SNELL, a surname, from a word in the Anglo-Saxon, meaning agile, or hardy. In the Scotch, the word Snell means bitter or sharp.

Mr. John Snell, was born about 1629 on what is now Almont Farm at Pinwherry, a hamlet in the Ayrshire parish of Colmonell. His father was the local blacksmith. Snell was enrolled at the University of Glasgow for the 1642-3 session, and stayed there for two or three years, but did not take a degree, and travelled south to fight for the King in the English Civil War. By 1654 he was in the service of Sir Orlando Bridgeman, who was Lord Chief Justice of Common Pleas 1660-8, and Lord Keeper of the Great Seal 1667-72. Snell was seal-bearer to Bridgeman and his successor the Earl of Shaftesbury. He accumulated a substantial fortune, no doubt partly from the perks of office, but he was already a man of means before holding any official position. This fortune of obscure origin he invested in the Manor of Ufton, Warwickshire, which he bought from William Spencer in 1674. He gave books during his lifetime to the University of Glasgow, which conferred an MA degree on him by diploma in 1662.

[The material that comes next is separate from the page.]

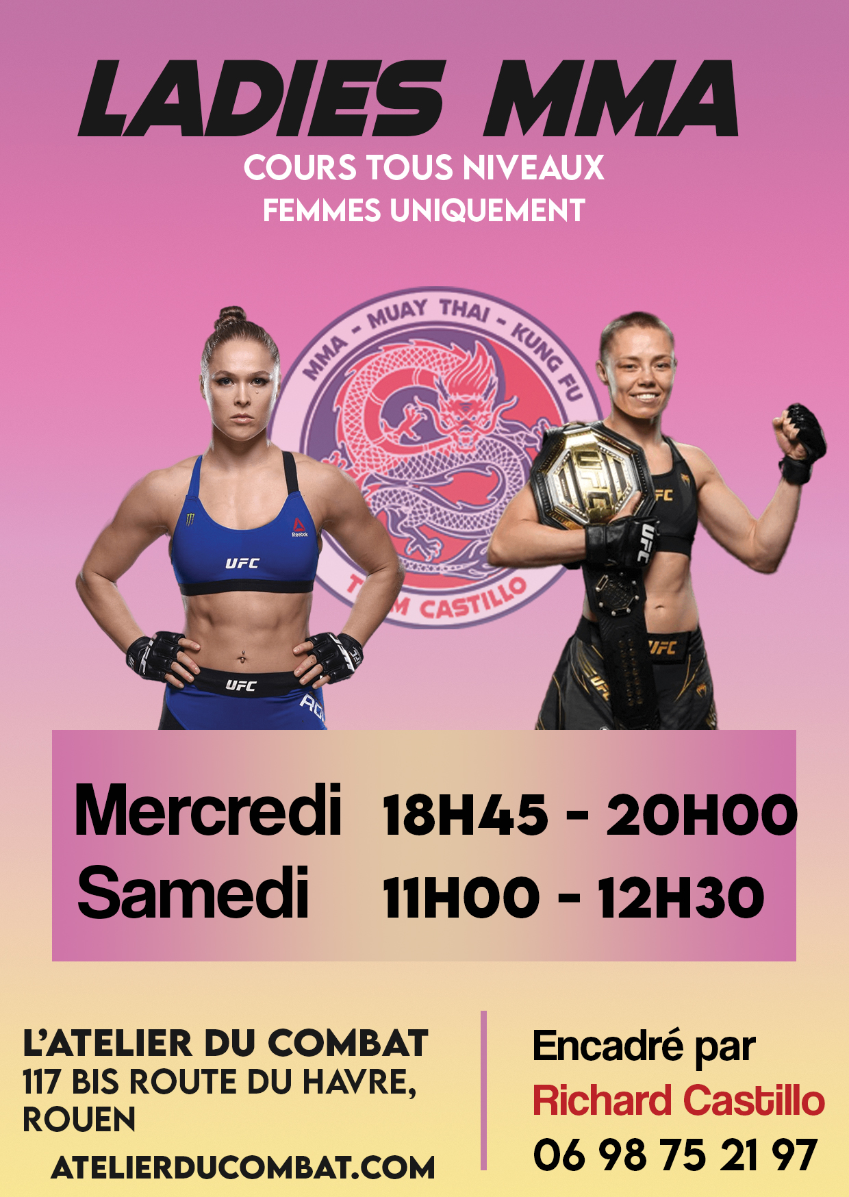 Découvrez nos cours exclusifs de Ladies MMA à l’Atelier Du Combat, idéalement situé à Rouen. Désormais proposés les mercredis et samedis, ces séances réservées aux femmes sont l’occasion parfaite pour plonger dans le monde du MMA, développer votre force, votre confiance en vous et votre forme physique, le tout dans une atmosphère inclusive et stimulante. Rejoignez-nous pour une expérience unique de combat et de développement personnel, conçue spécialement pour vous.

Snell made his will in 1677. Its main provision was to put the Manor of Ufton into the hands of Trustees, for the maintenance of Scottish students from Glasgow at Oxford, continuing philanthropy along these lines he had already begun informally. The Master of Balliol was to be one of the Trustees ex officio, but Balliol (then a College of relatively little consequence) was not otherwise mentioned in the will. Balliol was, nevertheless, the natural base for Snell's legacy - partly because of its Scottish associations through Dervorguilla of Galloway and her son King John Balliol, and partly because Balliol already had some Exhibitions for Scots from the will of John Warner, Bishop of Rochester. Snell died at what is now 31 Holywell Street, Oxford on 6 August 1679. He was buried in nearby St Cross Church: there was an inscribed marble gravestone, but it was covered or destroyed in Victorian times.

A scheme was eventually worked out for the Glasgow authorities to nominate young men to Snell Exhibitions tenable at Balliol, but no requirement to take Holy Orders (this being frustrated by the 1690 re-establishment of Presbyterianism in Scotland) or to return to Scotland was enjoined on them. Snell had wanted these conditions (which were derived from the Warner Foundation) enforced by a stiff financial penalty. The first four Snell Exhibitioners were sent from Glasgow and admitted to Balliol in mid-1699. There was bickering, distrust and litigation from the outset. Consistently comfortable relations between Balliol and Glasgow were only achieved this century, but this did not generally bother the Exhibitioners themselves, who included James Stirling the mathematician; Adam Smith the great political economist, author of The Wealth of Nations; Matthew Baillie of Morbid Anatomy fame; AC Tait, Archbishop of Canterbury; Robert Blair VC; Edward Caird, Master of Balliol; and one of the College's greatest Benefactors, JS MacArthur.